Multinational Corporations and Human Rights Violations


One of the main features that are shaping the contemporary world is globalization. Nowadays, our planet has become a “global village” with markets that are launching multinational companies to an unprecedented expansion.

A further, crucial aspect of globalization is the nature and power of multinational corporations.It is a fact that MNCs have become the biggest players in world trade, reaching such a level that many of them have budgets that exceed some nations’ GDPs. As a consequence, the power of individual nation states to establish and control the rules of the economic system is fading, both in the industrialized world and among developing countries. Problems arise when the host countries have zero capacity to apply their own national laws to the MNCs acting on their territories or when home countries are not willing to regulate or limit the activities of the MNCs under their jurisdiction. The former international economy, with a political and diplomatic sphere and with a total and unique State power has been replaced by a multinational economy where MNCs play an increasingly decisive role in globalization. The arrival of such a new and powerful player as MNCs has had a huge impact on the sphere of Human Rights compliance all over the world in general, and on developing and non-democratic countries in particular.
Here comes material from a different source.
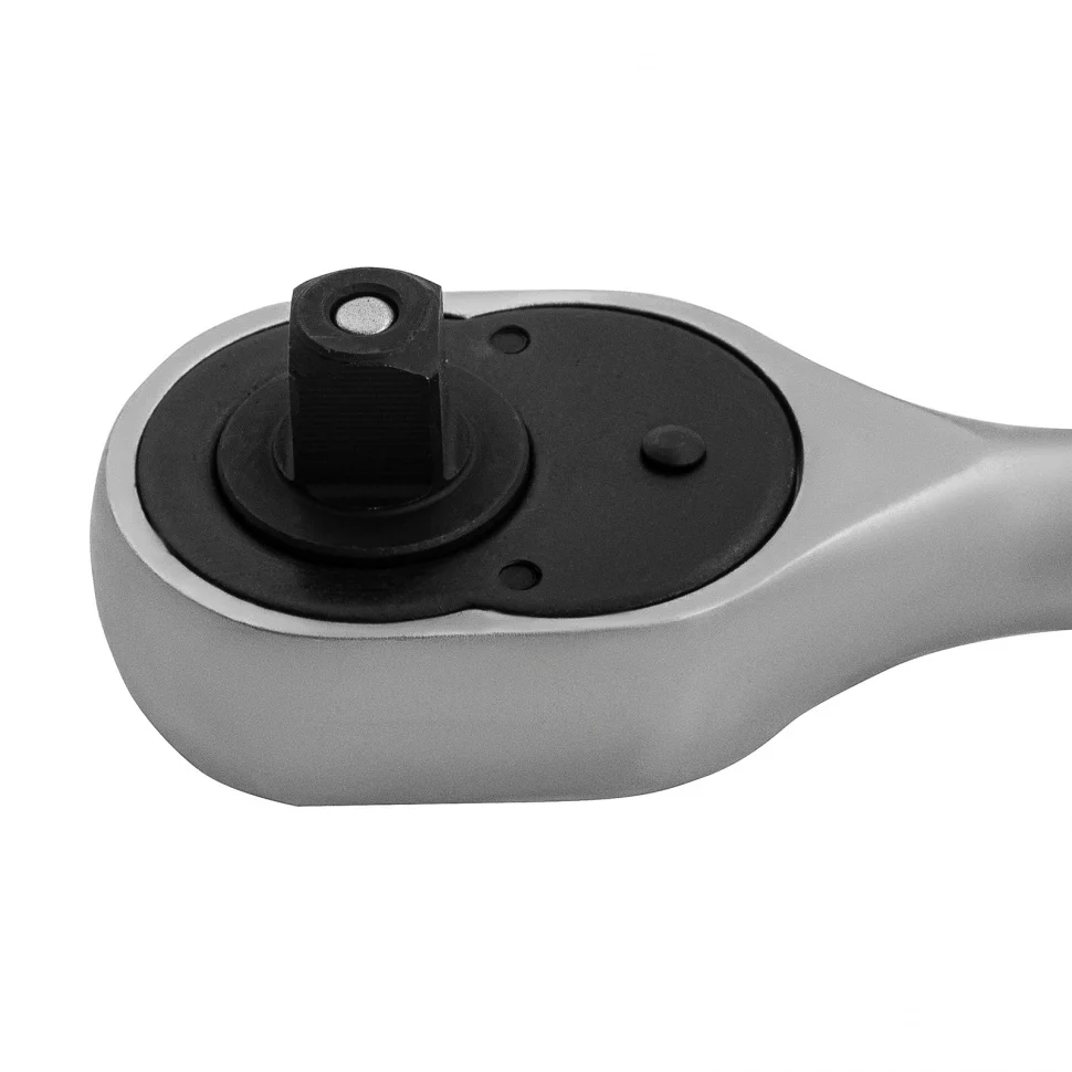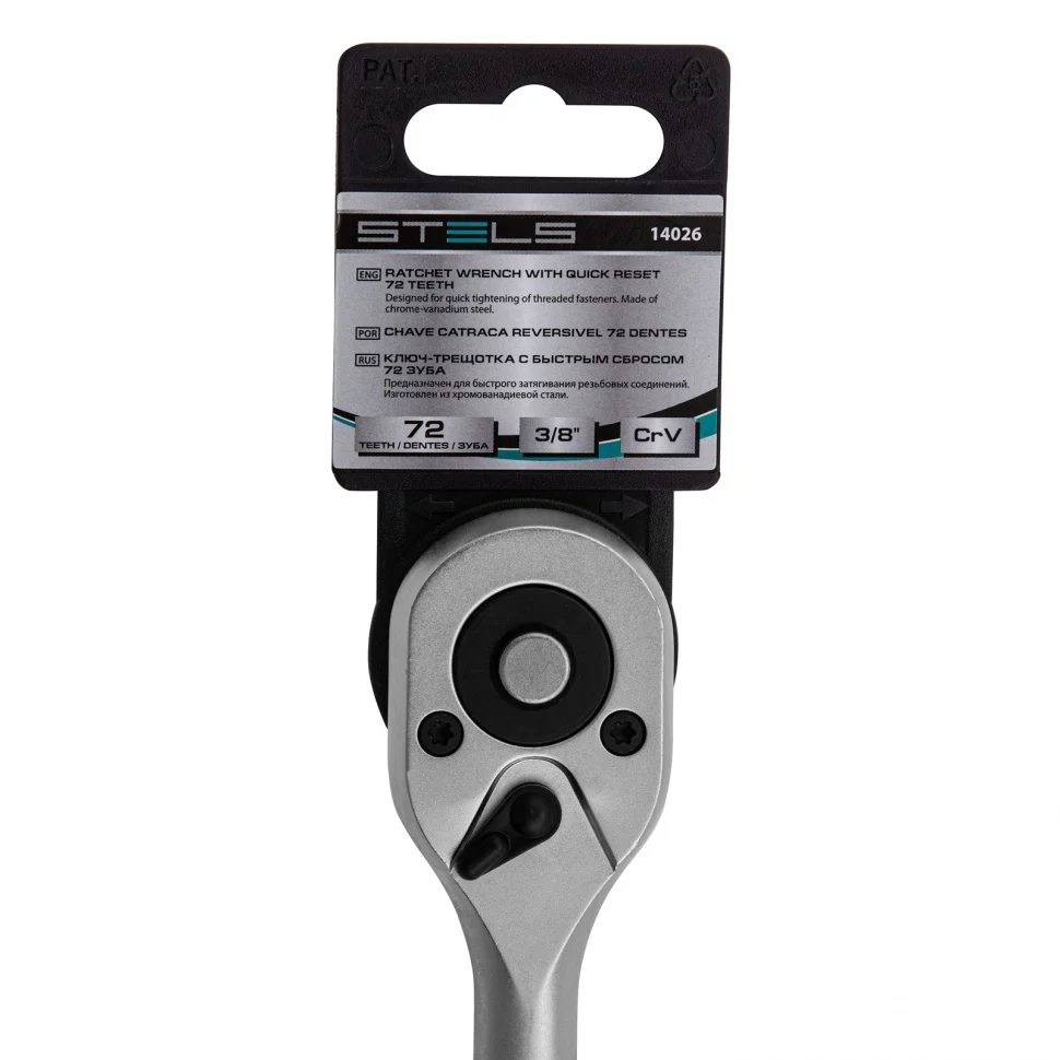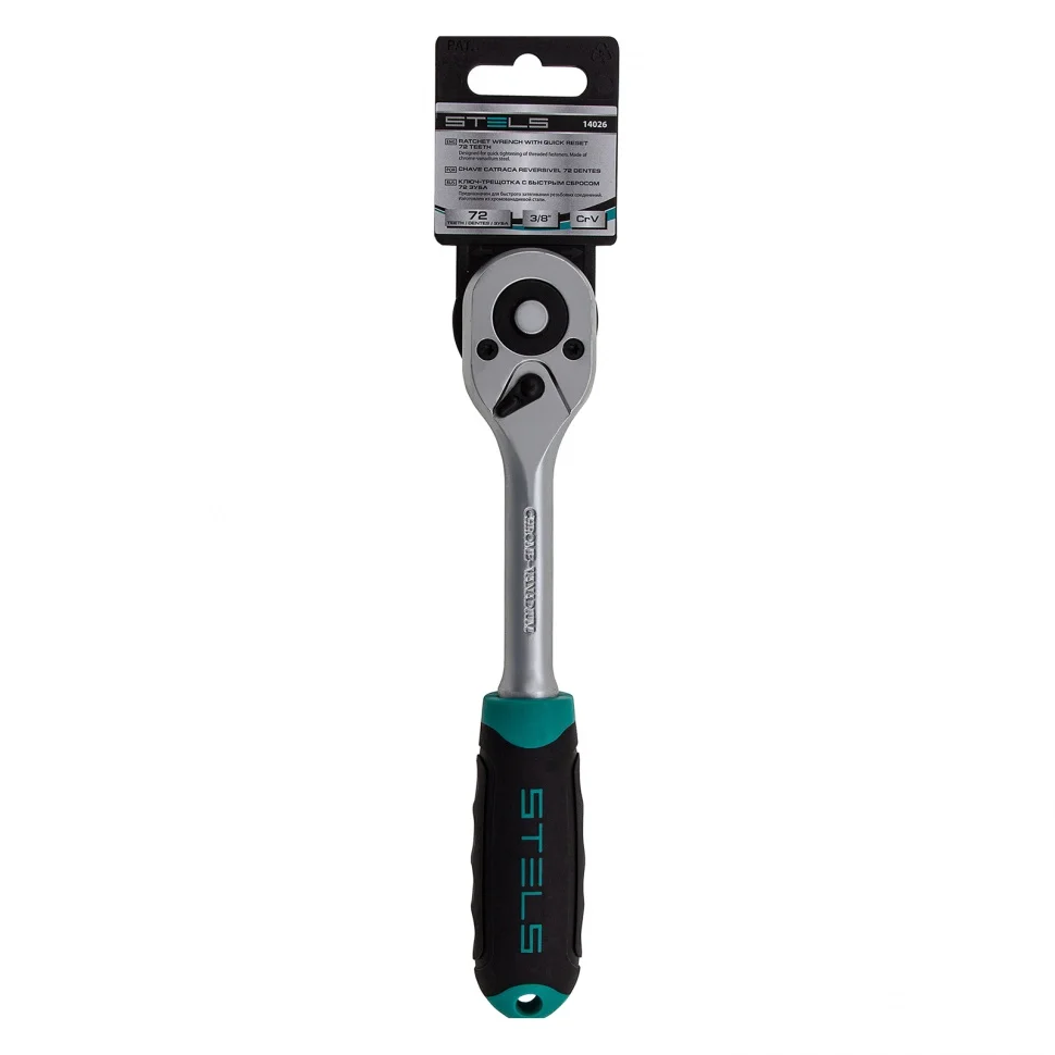 Ключ-трещотка Stels 14026 из стали CrV, с присоединительным квадратом 3/8 дюйма, 72 зубцами и быстрым сбросом предназначен для соединения и демонтажа резьбовых крепежей. Совместим с торцевыми головками различных размеров, а также адаптерами и удлинителями. Инструмент работает мягко и плавно благодаря 72-зубому храповому механизму. Шаг трещотки составляет 5 градусов, что облегчает работу в ограниченном пространстве. Инструмент будет полезен в сервисном центре, авторемонтной мастерской, а также пригодится дома, в гараже или на даче.ПреимуществаКлюч износостоек и выдерживает значительные нагрузки, т.к. изготовлен из высокопрочной стали хромованадиевой группы.Хромовое покрытие защищает от коррозии и продлевает срок службы инструмента.Присоединительный квадрат с шариковым фиксатором крепко удерживает насадку, не давая ей отскочить во время работы.Ключ оснащен механизмом быстрого сброса насадок — это экономит время на их замену.Флажковый переключатель позволяет мгновенно изменить направление вращения насадки.Двухкомпонентная рукоятка не скользит в руке, а ее эргономичная форма уменьшает усталость при длительной работе.
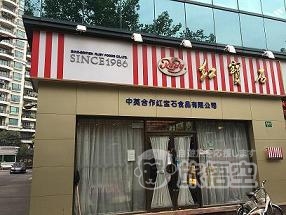 中国企業のケーキ屋さん「紅宝石」。上海に何店舗かあり、一番の人気はショートケーキ。今回は新華路をご紹介。赤と白のストライプの看板が目印。1986年から営業されているそうです。

While international human rights is a broad and difficult concept to define, several international agreements enumerate specific standards.In particular, the United Nations sets forth the most prominent example of current human rights standards, the Universal Declaration of Human Rights.The Universal Declaration provides standards for various human rights issues, including the rights of life, liberty, security of person, assembly and association, freedom of movement, and the right to vote or take part in government. The Universal Declaration also promotes freedom from torture, cruel and inhuman punishment, arbitrary arrest, unjust labor practices, and slavery.These rights are universal and restrict both individuals and corporations from infringing on human rights. Other United Nations directives consider environmental protection a vital human right. The United Nations also has examined corporate involvement in human rights issues and asserted that “corporations should/shall respect the social and cultural objectives, values and traditions of the countries in which they operate and shall respect human rights and fundamental freedoms in the countries in which they operate”.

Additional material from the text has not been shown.